The matrix posts a combined summary table to the Actions run page:

| Model | Scenarios passed | Per-scenario | Status |
|----------------------------------------|------------------|----------------------------------------------------------------|--------|
| openai/gpt-oss-120b:free | 5/5 | invalid_input_named_field=10/10 invalid_output_pack_bug=9/10 … | ✓ |
| google/gemma-4-31b-it:free | 4/5 | invalid_input_named_field=8/10 invalid_output_pack_bug=7/10 … | ⚠ |
| nvidia/nemotron-3-ultra-550b-a55b:free | 5/5 | invalid_input_named_field=9/10 invalid_output_pack_bug=10/10 … | ✓ |
| openrouter/auto | 3/5 | invalid_input_named_field=7/10 invalid_output_pack_bug=4/10 … | ⚠ |
StatusMeaning
Every scenario met its (possibly modified) threshold
At least one scenario below threshold (but received responses) — normal variance for observational rows
At least one scenario at 0/N — provider may be deprecated / unreachable; the alert workflow opens an issue

The ✗ status is the only one that triggers a GitHub issue. ⚠ is informational — observational rows fluctuate week to week, and a single bad week doesn't mean the model is unusable.

The openrouter/auto decision rule

Documented up-front so the rule isn't retrofitted to the data:

If openrouter/auto averages ≥7/10 across all 5 scenarios for 6 consecutive weekly runs, surface it in helmdeck's UI as the default chat model for users without a configured API key.

If it averages <5/10 on ANY scenario, never offer it as a default — the cheap-model bet doesn't hold for it.

Between those lines, document the gaps in this page and leave the routing choice to the operator.

The rule sits here, not in code, because it's a product decision informed by the matrix data.
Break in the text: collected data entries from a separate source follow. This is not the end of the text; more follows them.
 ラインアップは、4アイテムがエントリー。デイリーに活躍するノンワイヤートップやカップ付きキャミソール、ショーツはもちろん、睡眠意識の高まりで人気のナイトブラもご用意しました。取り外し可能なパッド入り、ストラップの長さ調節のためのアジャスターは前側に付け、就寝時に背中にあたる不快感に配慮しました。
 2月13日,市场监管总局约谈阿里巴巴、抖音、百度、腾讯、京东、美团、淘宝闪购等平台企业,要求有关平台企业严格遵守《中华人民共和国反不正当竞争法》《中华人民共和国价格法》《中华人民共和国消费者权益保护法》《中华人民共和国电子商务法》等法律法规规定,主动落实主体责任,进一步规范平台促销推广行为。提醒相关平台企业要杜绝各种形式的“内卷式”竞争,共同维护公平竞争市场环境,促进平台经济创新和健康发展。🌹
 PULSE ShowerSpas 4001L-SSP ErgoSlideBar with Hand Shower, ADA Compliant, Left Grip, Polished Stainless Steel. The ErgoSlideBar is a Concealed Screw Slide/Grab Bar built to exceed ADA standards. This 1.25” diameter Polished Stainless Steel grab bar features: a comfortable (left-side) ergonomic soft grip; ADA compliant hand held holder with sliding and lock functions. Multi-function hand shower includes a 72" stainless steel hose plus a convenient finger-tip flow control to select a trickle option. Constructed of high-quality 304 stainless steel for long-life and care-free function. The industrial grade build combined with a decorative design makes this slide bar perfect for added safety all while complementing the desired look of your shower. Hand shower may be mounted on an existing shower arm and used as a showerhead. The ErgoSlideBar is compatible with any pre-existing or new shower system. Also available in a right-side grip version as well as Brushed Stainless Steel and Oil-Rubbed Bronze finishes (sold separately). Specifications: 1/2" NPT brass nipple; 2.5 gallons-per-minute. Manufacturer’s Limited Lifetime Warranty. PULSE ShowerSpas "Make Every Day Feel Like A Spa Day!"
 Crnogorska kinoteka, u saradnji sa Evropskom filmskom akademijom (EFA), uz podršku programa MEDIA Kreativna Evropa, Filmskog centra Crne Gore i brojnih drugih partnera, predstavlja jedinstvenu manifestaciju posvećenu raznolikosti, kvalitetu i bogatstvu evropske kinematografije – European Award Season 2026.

After 6 consecutive weekly runs that meet the threshold, open a PR that:

  1. Adds openrouter/auto to the model picker in internal/llmcontext/budgets.go with a tier-recommended annotation,
  2. Updates the operator-facing setup docs to call it out as a starter option,
  3. Cites the matrix run window that produced the evidence.

If the rule is met for a stretch and then breaks (a row drops back to ⚠), the recommendation comes OUT — the data has changed and the product decision needs to change with it.

When the alert workflow fires

.github/workflows/model-discovery-alert.yml opens (or comments on) a GitHub issue when an observational row goes fully dark — at least one scenario scoring 0/N. The trigger is narrow on purpose: a row at 4/10 is normal variance, but a row at 0/N means the provider is gone, the model id has rotated, or the upstream is unreachable.

The issue title carries the model id; subsequent weeks comment on the existing issue rather than open duplicates. Maintainers close the issue once they swap the matrix pin or the provider returns.

Triggering the matrix manually

gh workflow run model-discovery.yml

Or via the UI: Actions → "model-discovery" → "Run workflow". Optional input attempts lets you shorten the per-model attempt count for a faster ad-hoc run (default 10).

What's NOT in this workflow

  • Cost tracking. All four models are free-tier; the wall-clock budget is the only real constraint, and even a fully-throttled matrix run fits inside GitHub Actions' 6-hour job ceiling.
  • A long-term trend dashboard. The 30-day artifact retention is enough to grep recent results. A Docusaurus page rendering per-scenario score trends across weekly runs is a follow-up if maintainers find themselves diffing artifacts often.
  • Auto-swap of the required row when an observational row outperforms it. The pinned-model decision is deliberately manual — it triggers MODEL_LAST_VERIFIED updates and requires a maintainer to confirm the new pin is the right cheap-model proxy.